Anchor-based Robust Finetuning of Vision-Language Models
Jinwei Han, Zhiwen Lin, Zhongyisun Sun, Yingguo Gao, Ke Yan, Shouhong Ding, Yuan Gao, Gui-Song Xia
TL;DR
This work tackles finetuning CLIP-like vision-language models without sacrificing out-of-distribution generalization across domain shifts and zero-shot scenarios. It introduces Anchor-based Robust Finetuning (ARF), which regularizes finetuning with two types of auxiliary semantic anchors: text-compensated anchors generated from captions and image-text anchors retrieved from a CLIP-like candidate pool. The combined training objective adds caption-based and retrieved-anchor contrastive losses to the standard CLIP loss, preserving the original feature space and enhancing OOD robustness. Experiments across domain-shift and zero-shot benchmarks demonstrate state-of-the-art performance while maintaining strong in-distribution accuracy, with ablations confirming the complementary benefits of both anchors.
Abstract
We aim at finetuning a vision-language model without hurting its out-of-distribution (OOD) generalization. We address two types of OOD generalization, i.e., i) domain shift such as natural to sketch images, and ii) zero-shot capability to recognize the category that was not contained in the finetune data. Arguably, the diminished OOD generalization after finetuning stems from the excessively simplified finetuning target, which only provides the class information, such as ``a photo of a [CLASS]''. This is distinct from the process in that CLIP was pretrained, where there is abundant text supervision with rich semantic information. Therefore, we propose to compensate for the finetune process using auxiliary supervision with rich semantic information, which acts as anchors to preserve the OOD generalization.

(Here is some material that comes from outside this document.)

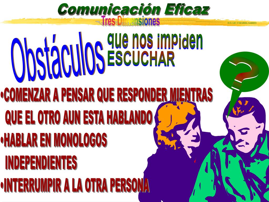 ? que nos impiden ESCUCHAR Obstáculos •COMENZAR A PENSAR QUE RESPONDER MIENTRAS QUE EL OTRO AUN ESTA HABLANDO •HABLAR EN MONOLOGOS INDEPENDIENTES •INTERRUMPIR A LA OTRA PERSONA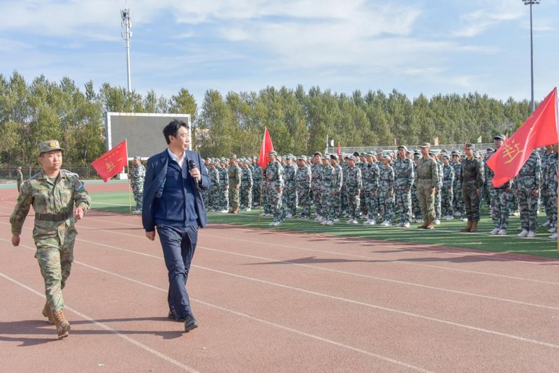 国旗缓缓升起,伴随着全体师生高亢嘹亮国歌声,军训会操拉开序幕。学院院长孟维军检阅军训方阵,并对全体2024级新生致以亲切问候。

Specifically, two types of anchors are elaborated in our method, including i) text-compensated anchor which uses the images from the finetune set but enriches the text supervision from a pretrained captioner, ii) image-text-pair anchor which is retrieved from the dataset similar to pretraining data of CLIP according to the downstream task, associating with the original CLIP text with rich semantics. Those anchors are utilized as auxiliary semantic information to maintain the original feature space of CLIP, thereby preserving the OOD generalization capabilities. Comprehensive experiments demonstrate that our method achieves in-distribution performance akin to conventional finetuning while attaining new state-of-the-art results on domain shift and zero-shot learning benchmarks.